Carthage is most often thought of in the context of Rome; "Carthage must be destroyed!" Part of the reason for this is that Rome really did manage to destroy Carthage, and survivorship bias is what it is: we don't have a ton of records from Carthage, so we don't know a lot about it.
But Carthage's conflicts & connections with its neighbors across the-sea predate Rome by a fair margin.
Carthage & Assyria
The oldest record of siege engines comes from the Assyrians, and Carthage learned about it from their eastern territories, which used to belong to Assyria. So Carthage is actually responsible for most siege warfare in the ancient Mediterranean.
That said, polities were usually conquered by internal betrayal due to class warfare, not effective sieges. What would often happen is that armies would ravage the countryside, which was effective at starving a city and forcing them to fight. Most members of a polity were farmers who lived beyond the city walls, not necessarily city-dwellers.
Carthage & the Greeks
This is just one example, but both Carthage and the Greeks maintained colonies in Sicily, and tensions between the two groups were really high. Greek writers at the time were prone to calling the Carthaginians all sorts of nasty names for doing things during the war that, quite frankly, the Greeks themselves were known to do.
Tyrants of Syracuse by Jeff Champion is mostly focused on, well, the strongmen leaders who controlled the Sicilian city of Syracuse, but Syracuse itself was caught in the middle of battles between Athens, Sparta, Carthage, Epirus and Rome.

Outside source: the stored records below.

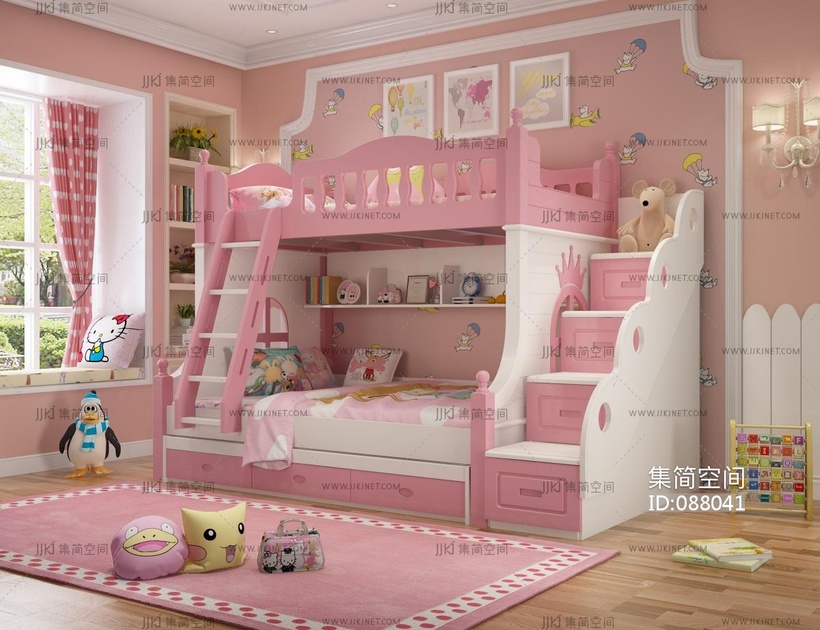 Z02-0716北欧儿童女孩房儿童上下床,上下铺 3d模型下载 [模型ID:88041]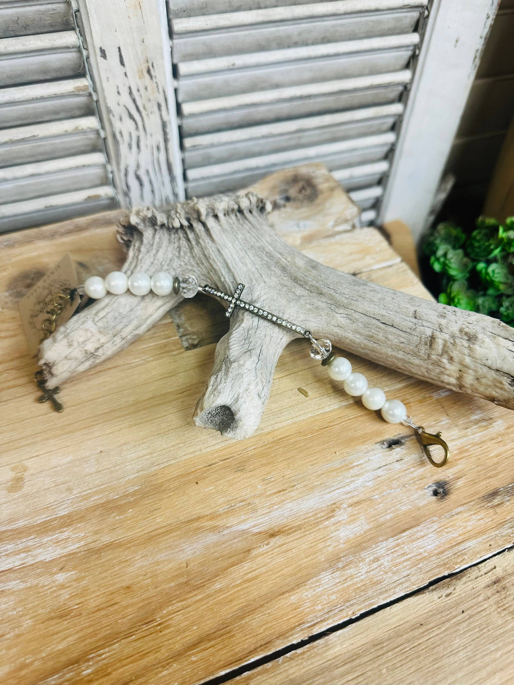 Pearl Crystal Cross Bracelet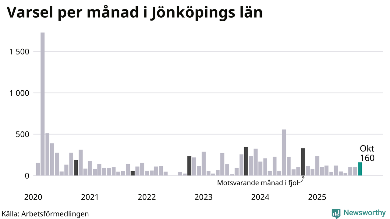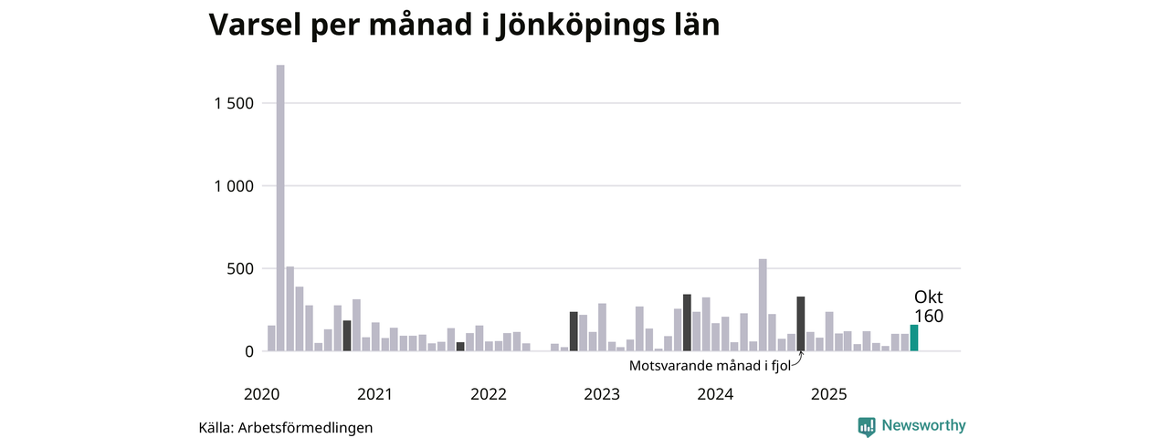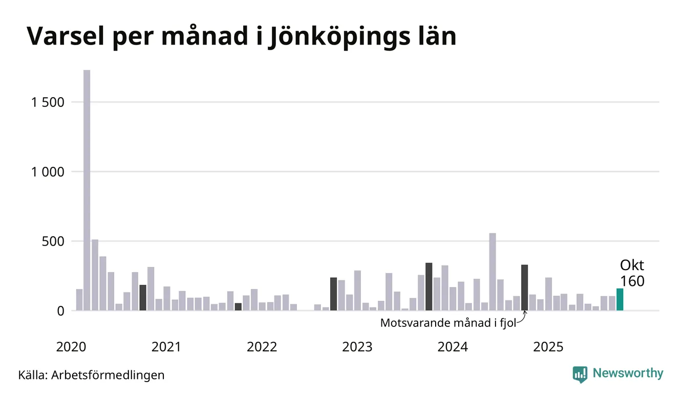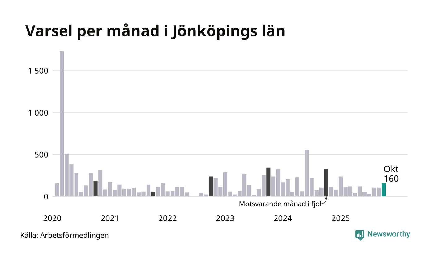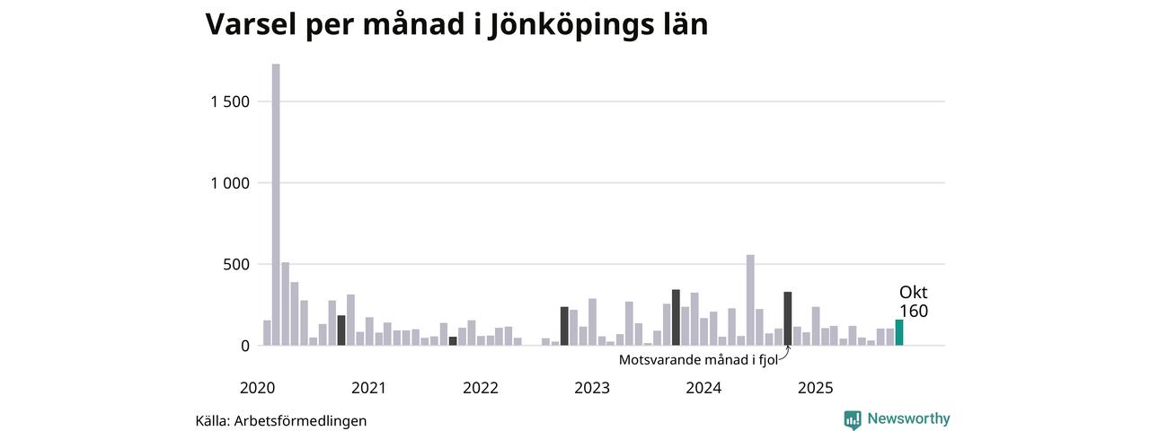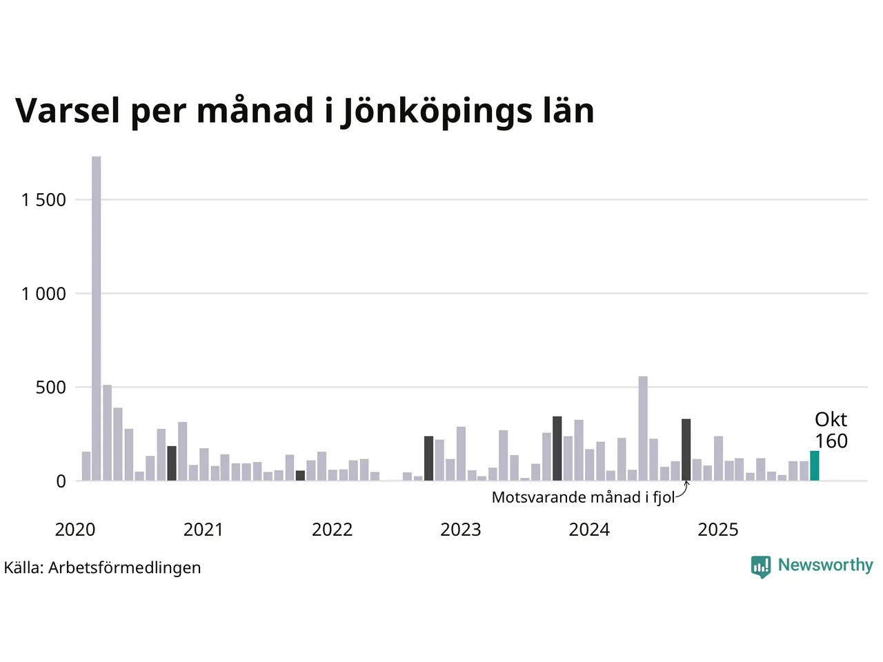 Efter två månader utan rapporterade varsel i länet varslades 160 personer i Jönköpings län under oktober 2025. Det är 56 fler än i september. För ett år sedan var antalet varsel 329 i länet. Sett över de tre senaste månaderna har totalt 368 varsel rapporterats i Jönköpings län, vilket är 139 färre än motsvarande period 2024. I början av pandemin, i mars 2020, varslades som mest 1 729 personer under en månad i Jönköpings län.

The Battle of Himera in 480 BCE crippled Carthaginian power in Sicily for decades, but the mass graves from the battle weren't discovered until about 15 years ago.
Carthage & the Levant
People are prone to separating out Punic history, Carthaginian history, Phoenician history, and Caananite history in a way that is probably not terribly authentic to the realities of how the culture and politics of this group of people are interconnected through time. I discuss this further in my article about ancient identities, but if we're comfortable calling Cleopatra "Egyptian" and Byzantium the "Eastern Roman Empire," then, the mere fact that Carthage overtook Tyre and the other Phoenician city-states in terms of prestige doesn't mean that it wasn't a natural continuation of their leadership.